Wednesday, 29 April 2009

What's The Cure For Paranoia? Parano-temol?

My brother came back yesterday from his day at the office claiming that people are out there to get him.

Like what any concerned brother person bored senseless would do, I decided to entertain him and asked 'What makes you say so?' to which he related the following anecdote:

I was sitting there at my desk, typing out the bloody stupid agreement which seems to be adding pages to itself at random intervals. Anyway, as I sat there typing away, comes this other girl who happens to be doing her attachment at the same place. So she slides up to me and before I could say hi, let out a small wail.

I was so startled that I accidentally deleted the whole document I was typing. 'Good riddance' I said to myself and started to make small talk with Wail Girl.

'Uh-huh' I nodded. 'And where did that conversation lead to?'

So yes, we talked about the usual stuff. Boredom at the office, Facebooking for two hours straight, going down to have lunch and come up only to go through the same thing again. And then, we started talking about families.

'That sounds perfectly normal. You should have talked about the weather too then it'd be a complete cliche'.

Well, she asks about mum and dad, the number of siblings, how many girls in the know the drill. So after she was done asking me questions, I casually asked her back 'So, what do your parents do?' My questioned was returned with a shuddering cold silence.

'My parents have both passed away' she said quietly.

Even more awkward silence. And then I blurted out 'Well, I should really get back to typing this. They need it by today. Yes. Today. I completely forgot how important this stupid document is. So uhh...I guess I'll talk to you later?'

'Bravo, good chap.
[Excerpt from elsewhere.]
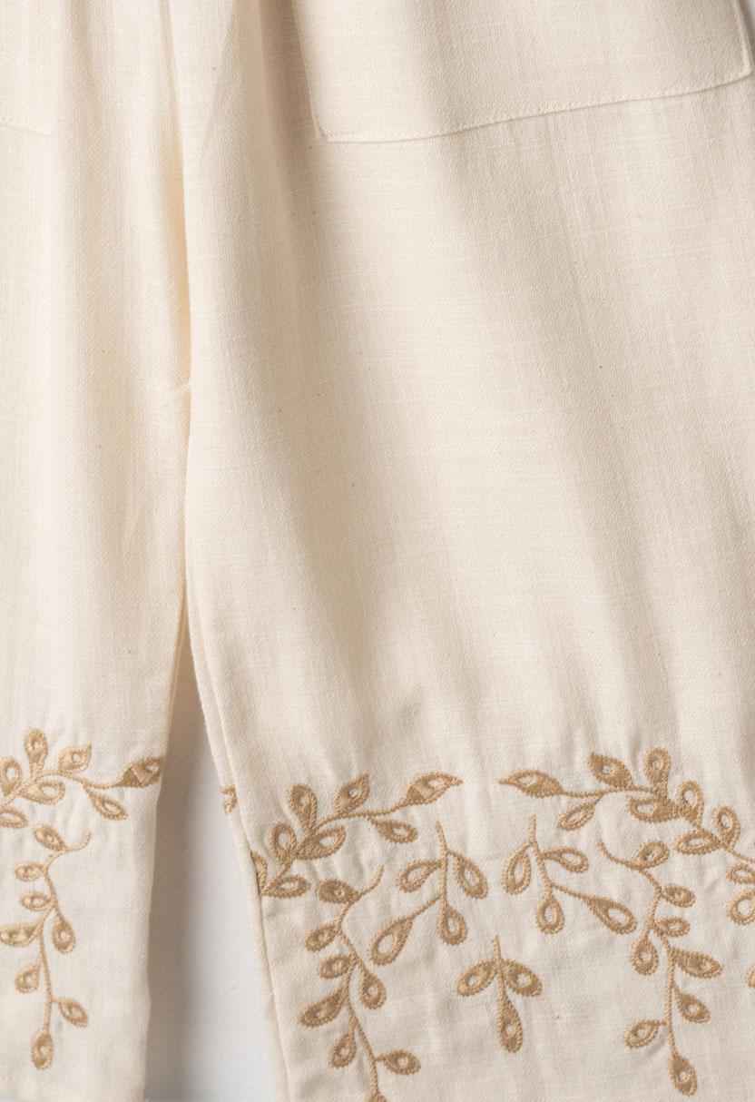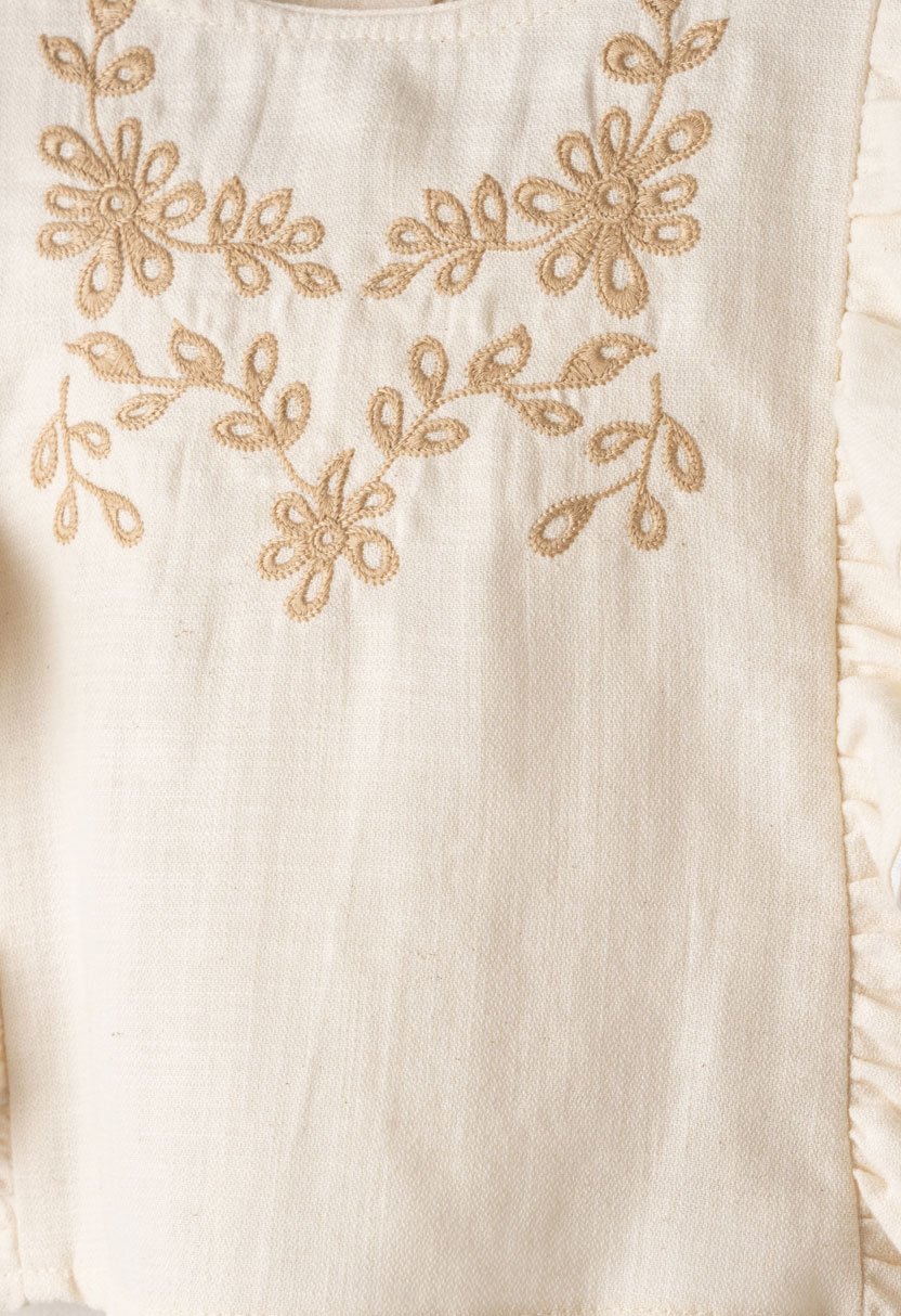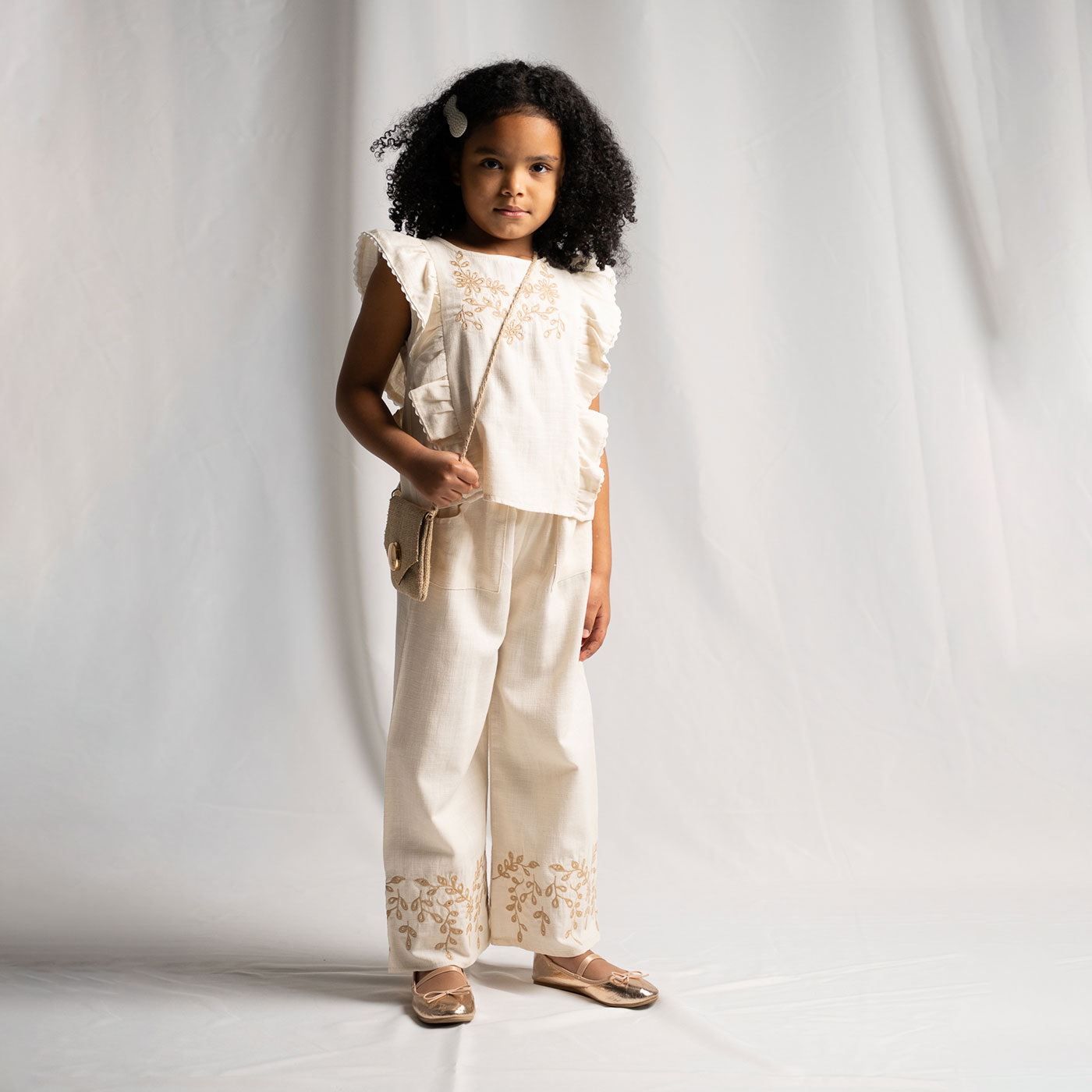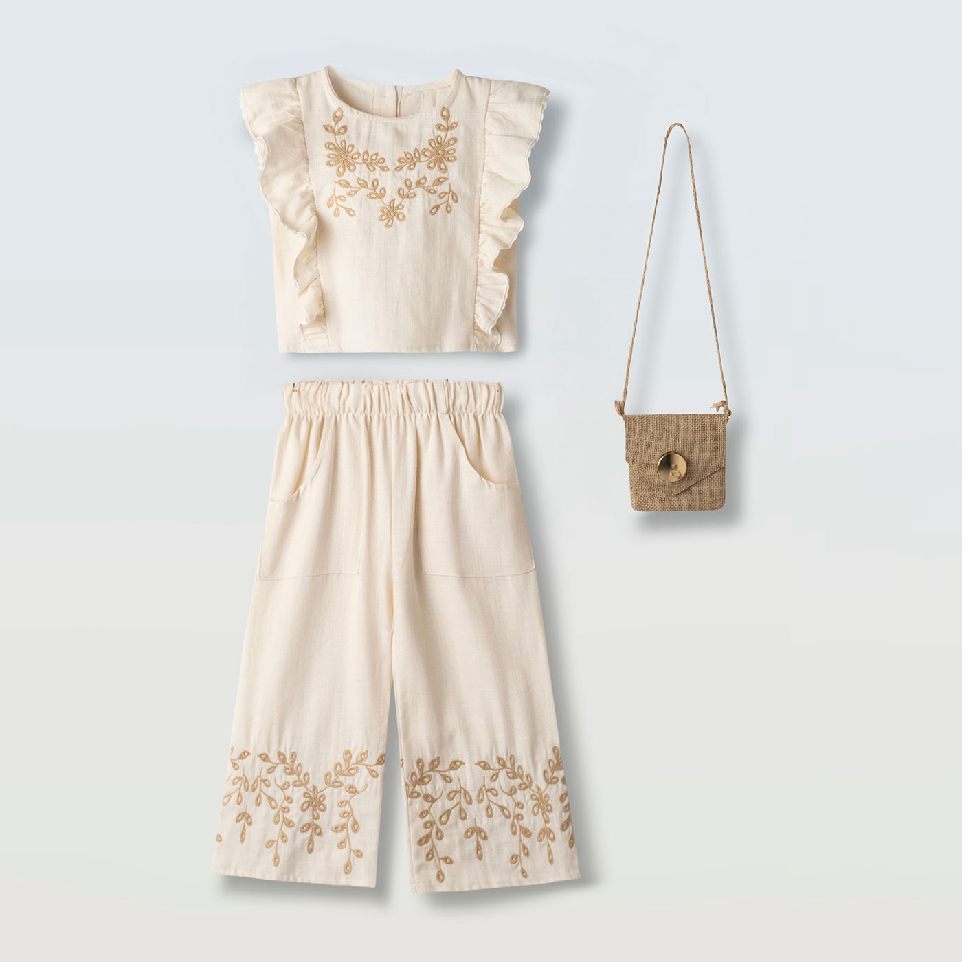 Το παιδικό σετ Ebita σε μπεζ λινό ύφασμα αποτελεί μια κομψή και φυσική επιλογή για καλοκαιρινές εμφανίσεις με διακριτική πολυτέλεια. Ο συνδυασμός του αέρινου τοπ με τη φαρδιά λινή παντελόνα δημιουργεί ένα άνετο και εκλεπτυσμένο σύνολο, ιδανικό για ιδιαίτερες περιστάσεις αλλά και προσεγμένες καθημερινές εμφανίσεις.Το αμάνικο τοπ διαθέτει ρομαντικά βολάν στα μανίκια και διακριτικό κέντημα στο μπροστινό μέρος, προσθέτοντας girly χαρακτήρα και κομψότητα. Η λινή υφή του υφάσματος προσφέρει δροσερή αίσθηση και φυσική εφαρμογή, ιδανική για ζεστές ημέρες.Η παντελόνα σε φαρδιά γραμμή με ελαστική μέση εξασφαλίζει άνεση και ελευθερία κινήσεων, ενώ το διακοσμητικό κέντημα στο τελείωμα ολοκληρώνει αρμονικά το σύνολο. Το σετ συνοδεύεται από τσαντάκι ώμου σε φυσική υφή, προσθέτοντας πρακτικότητα και στυλ.

That was real smooth' I said to my brother, unable to believe how he handled himself.

'Well, what was I supposed to say? Anyway, just goes on to show how people are out there to get me. It's a trap, I say!'

Now if that isn't paranoia, I don't know what is.

Which One Is Baby?
Probably this

Sunday, 19 April 2009

23 For The First Time

Birthday Boy

My sincere thanks to all well wishers, especially fellow bloggers who took the time and effort to post up an entry bearing my name/picture/depiction. 

It's nice to be remembered *smile*

Sunday, 12 April 2009

I Am No Gym Class Hero

I am no ardent fan of gyms, there is no hiding that. In fact, I will go so far as to say that I detest gyms. Please excuse me when I say this, but I just do not see the logic in paying good money just to get yourself intimidated by beefier looking men who are probably bench pressing several hundred pounds more than you will ever hope to while looking good at it. Of course muscled men aren't the only natural inhabitants of those dreary dungeons that reek of sweat, testosterone and cheap deodorants but who wants to talk to the fat boys?


So I passed a gym the other night. Now, I know how big they can get, but this one was obscenely huge. It stood like a monolith in the middle of other, more sensible buildings. The bright lights and loud, upbeat sounds coming out from that monstrosity of a construction only served as bait to curious visitors who, if carelessly enough wandered into the compounds, would instantly be transformed into mindless slaves to the treadmill.

No, even that is too much drama for my standards but judging from how religiously some people go to the gym to flatten their stomach or try to magically conjure up perfectly sculpted abs from a mound of fat, one (especially yours truly) can't help but wonder whether the returns are really all that worth the effort required of them?

Now, I can fully appreciate the mantra 'no pain, no gain' and I absolutely understand that you need to break a leg if you want to ace an exam, or dishonestly claim some insurance money from false claims that 'a car ran over me'. But doing 300 bench presses just to acquire the biceps of King Leonidas is pushing it a tad too far. There is a fine line dividing greatness and madness, and this happens to be one of those lines.

Still, I have no beef whatsoever with beefy macho men. By all means, if walking several hundred kilometers on the treadmill is your idea of fun, be my guest and walk several hundred more. Just do not intimidate me at the beach by ripping off your shirts and showing off those fabulously sculpted abs of yours.

Wednesday, 8 April 2009

Birthday Boy


I do not know about you, but for as long as I can remember, birthdays among the male species tend to be a rather drab affair. Unlike their counterparts, males will not go out of their way to find a suitable birthday present for his mate, nor will they lose a night's worth of sleep thinking about 'What if I forget to wish him?'. This is of course, an absurdly gross exaggeration which is founded upon some slivers of truth.

Having said that, why on earth am I writing a birthday dedication to a friend who obviously needs to lose his love handles since this is only his 23rd birthday and wedding plans are still far off. There's a reason they're called love handles, dammit.

Anyway. Birthday wishes to the above fellow. Grow up and get a life already.

Update: I was just informed that I happened to be the first guy to wish him by mouth earlier today. Goodness, that sounds so dodgy.

Friday, 3 April 2009

Kitty Kat

Kitty 4
Won't you hold my paw?

Because we all want that reassuring feeling of having someone to fall back on when things get rough.